Could you write out, exactly, every line from the top of the data through the line holding "아기 티셔츠 여름 소년과"? Omit the pictures.

**INPUT DATA**
=-=-=-=-=
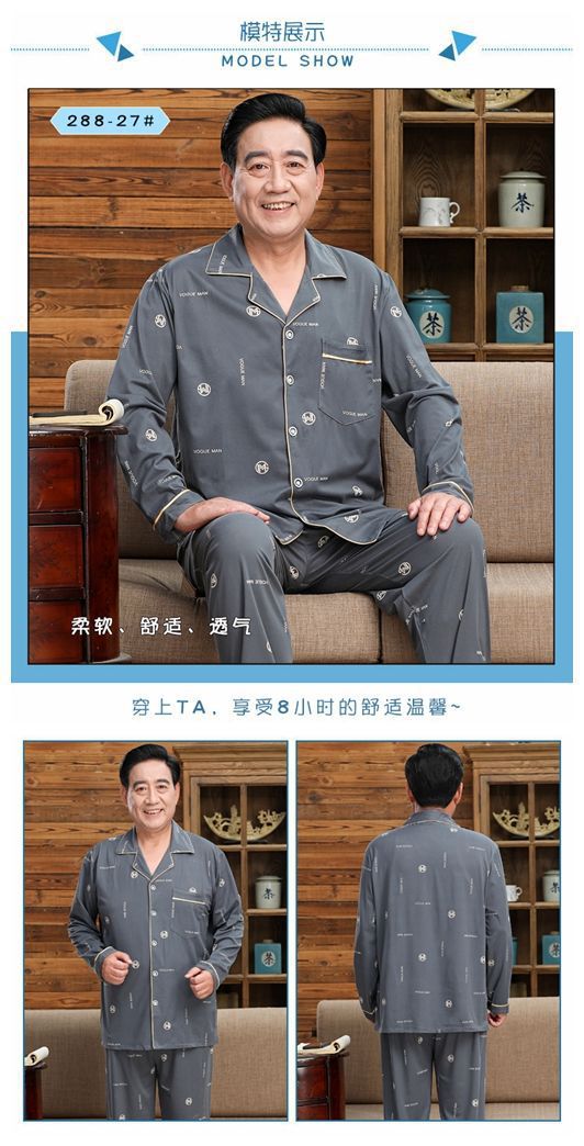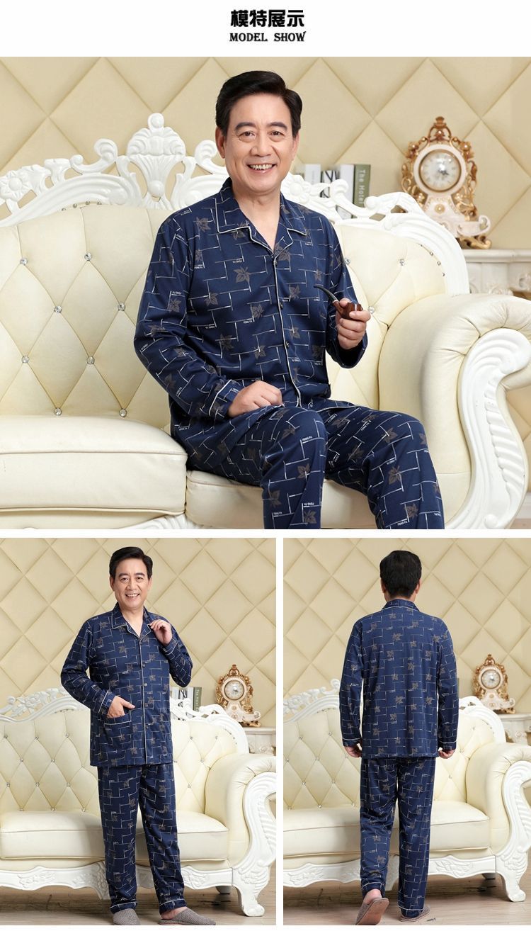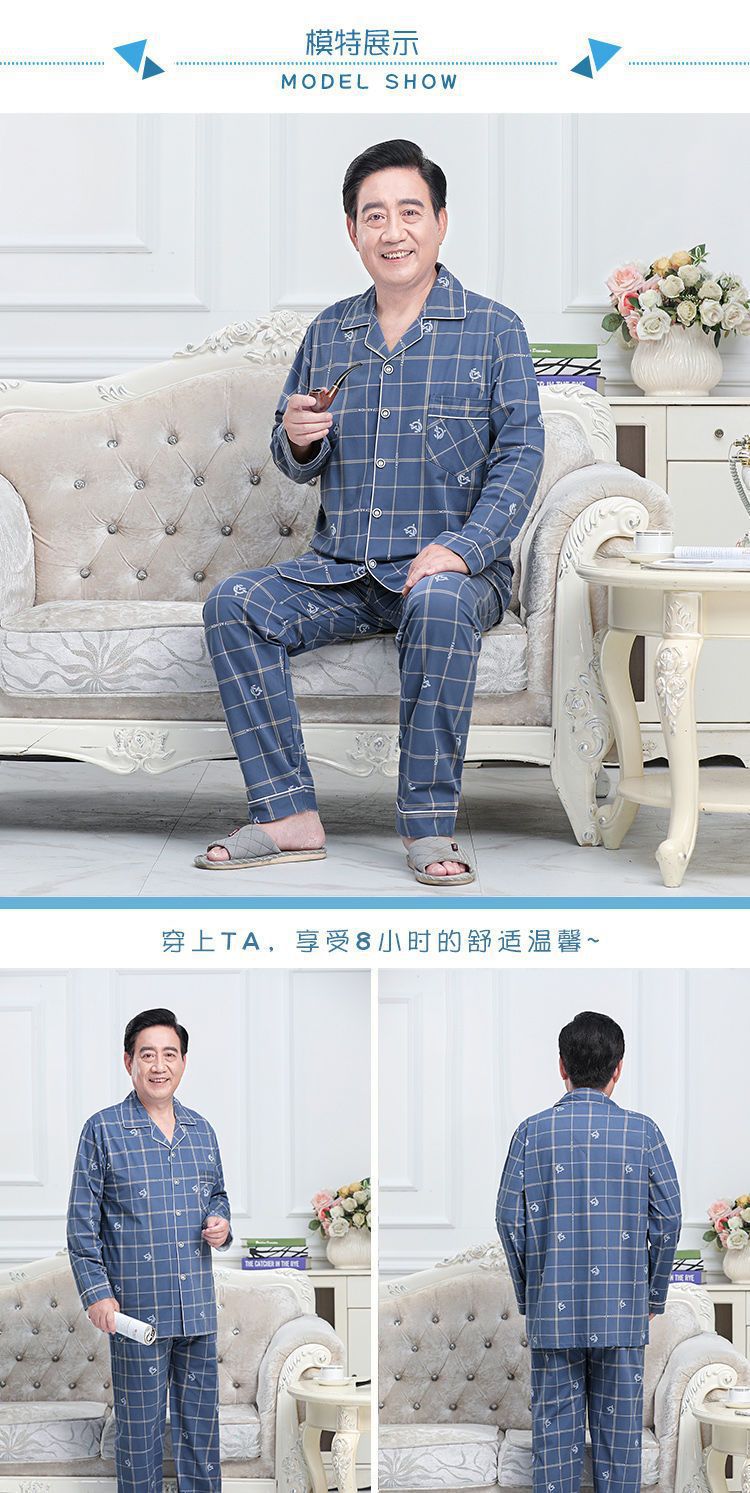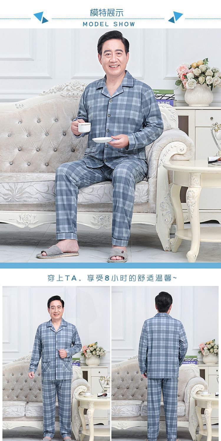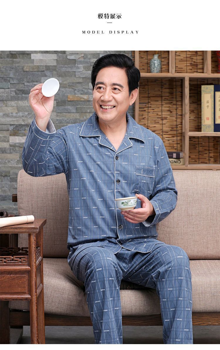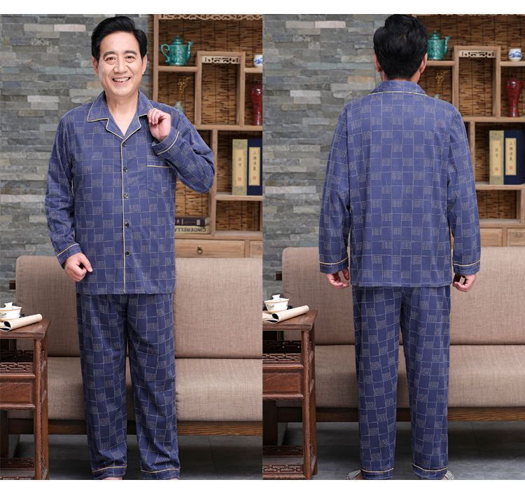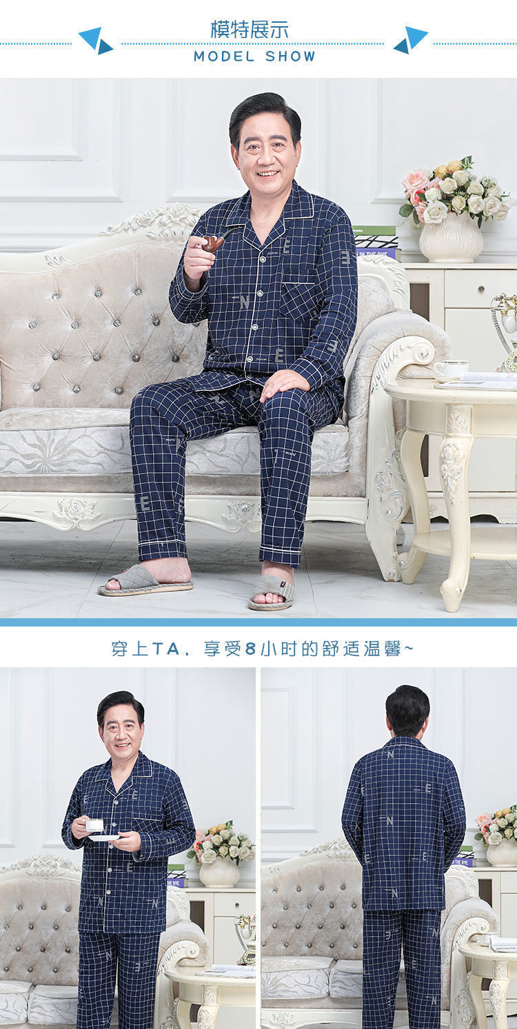 Pijamas de mediana edad y ancianos hombres 100% algodón primavera y otoño manga larga otoño e invierno más tamaño viejo papá traje de uso doméstico
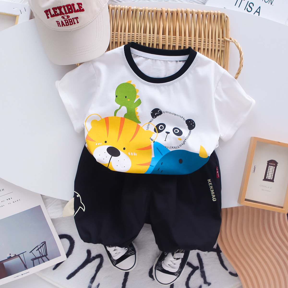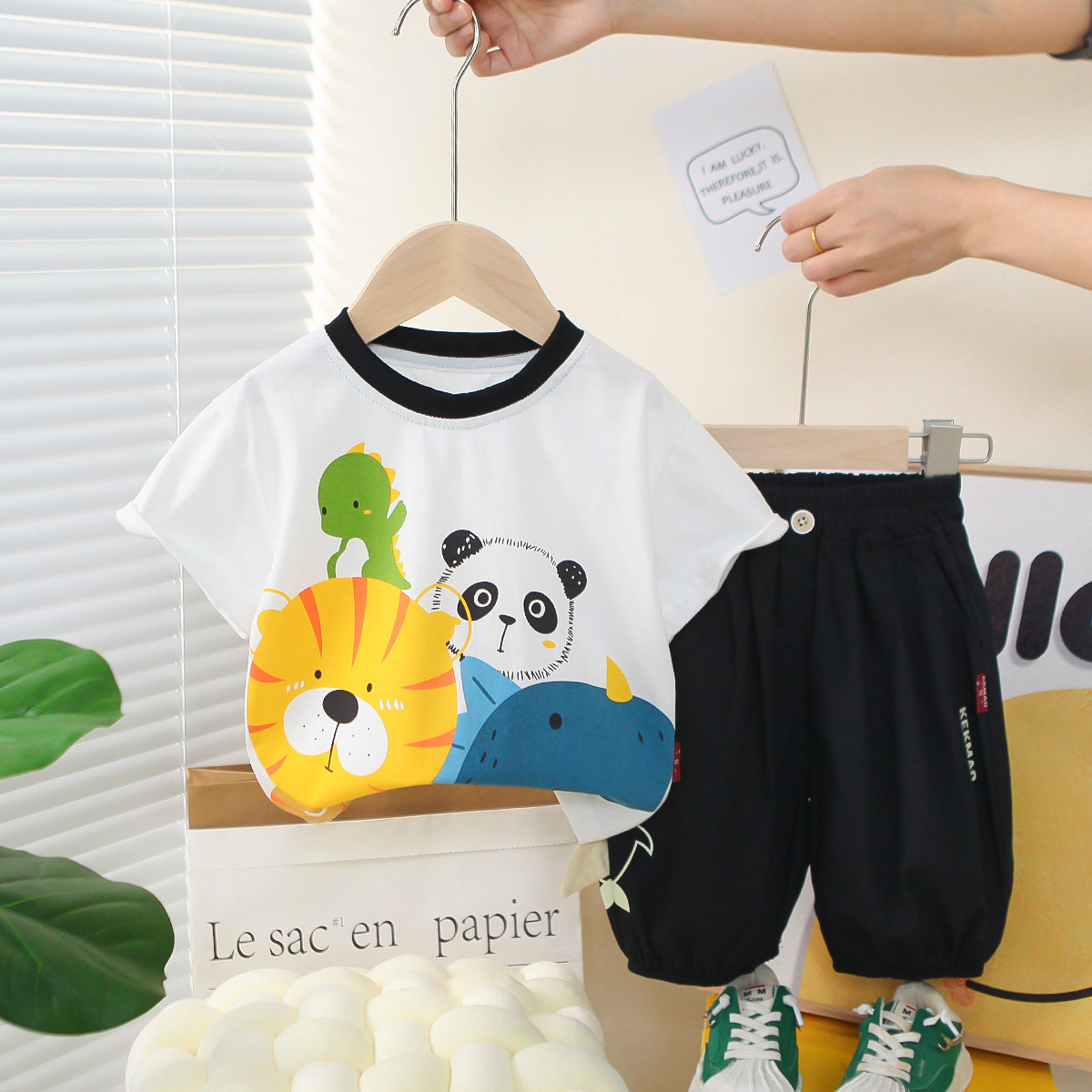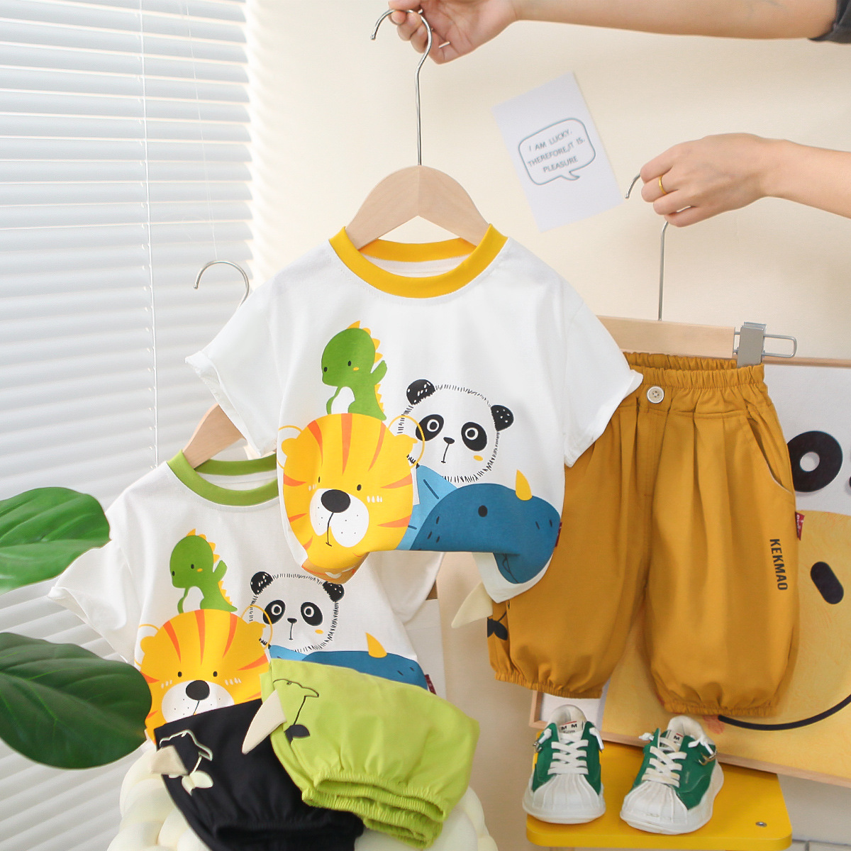 아기 티셔츠 여름 소년과 소녀 아기 어린이 여름 반팔 탑 캐주얼 반팔 투피스 세트스토어 가기
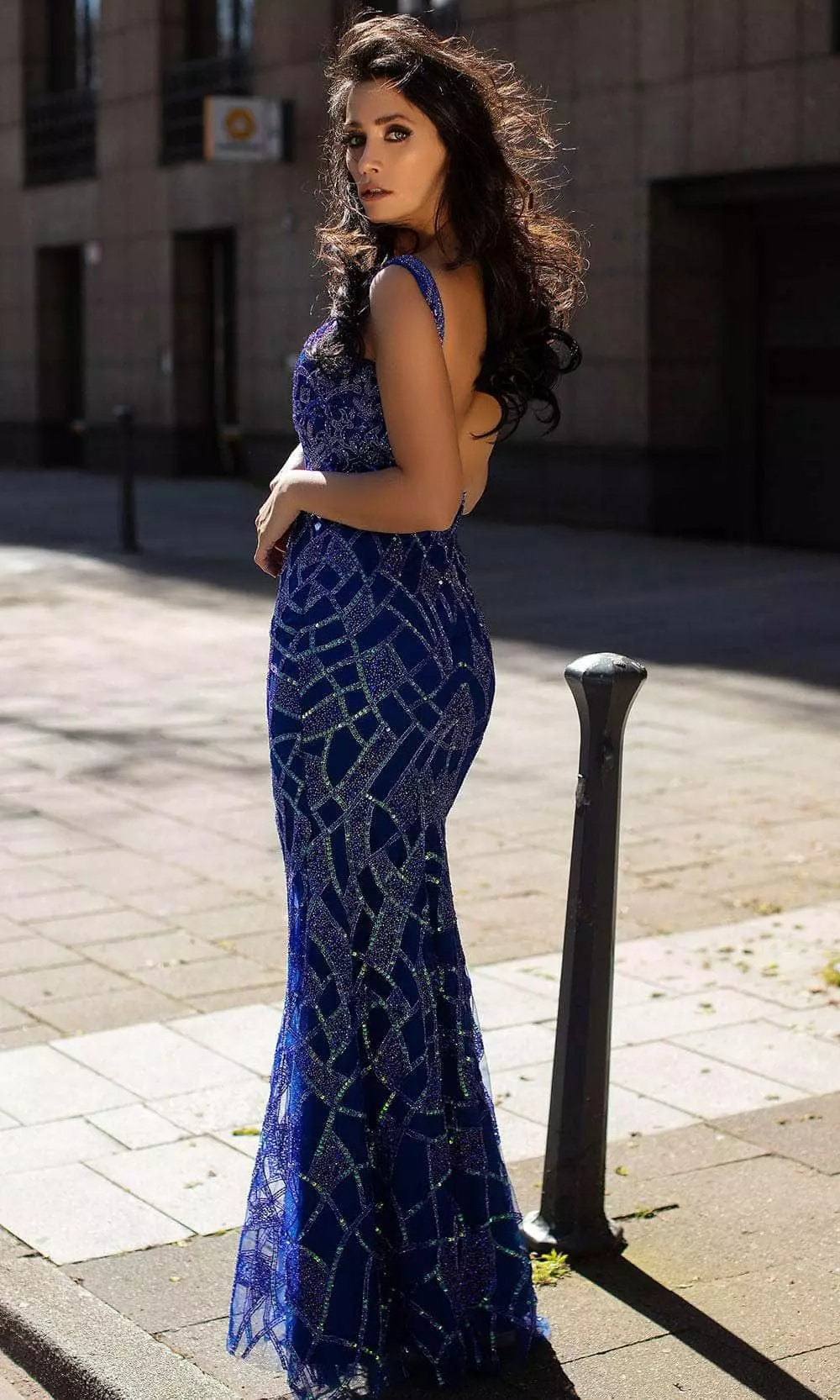Flaunt your best assets in a scintillating gown from Chic and Holland AN1449. Embellished with beadwork and sequins rendered in a geometric spectacle, this sleeveless gown showcases a plunging V neckline with wide shoulder straps. The back flaunts a low open cut and the sheath skirt flows magnificently down to the floor. This Chic and Holland masterpiece will make sure you turn heads all night long. Buy the trendiest and chicest Chic and Holland Haute Couture evening gowns, luxury evening dresses, chic Couture prom dresses, Haute Couture cocktail dresses and Haute Couture evening dresses to make a grand entry at special events. Model is wearing the Navy color.
=-=-=-=-=
**EXERCISE OUTPUT**
 Pijamas de mediana edad y ancianos hombres 100% algodón primavera y otoño manga larga otoño e invierno más tamaño viejo papá traje de uso doméstico
 아기 티셔츠 여름 소년과 소녀 아기 어린이 여름 반팔 탑 캐주얼 반팔 투피스 세트스토어 가기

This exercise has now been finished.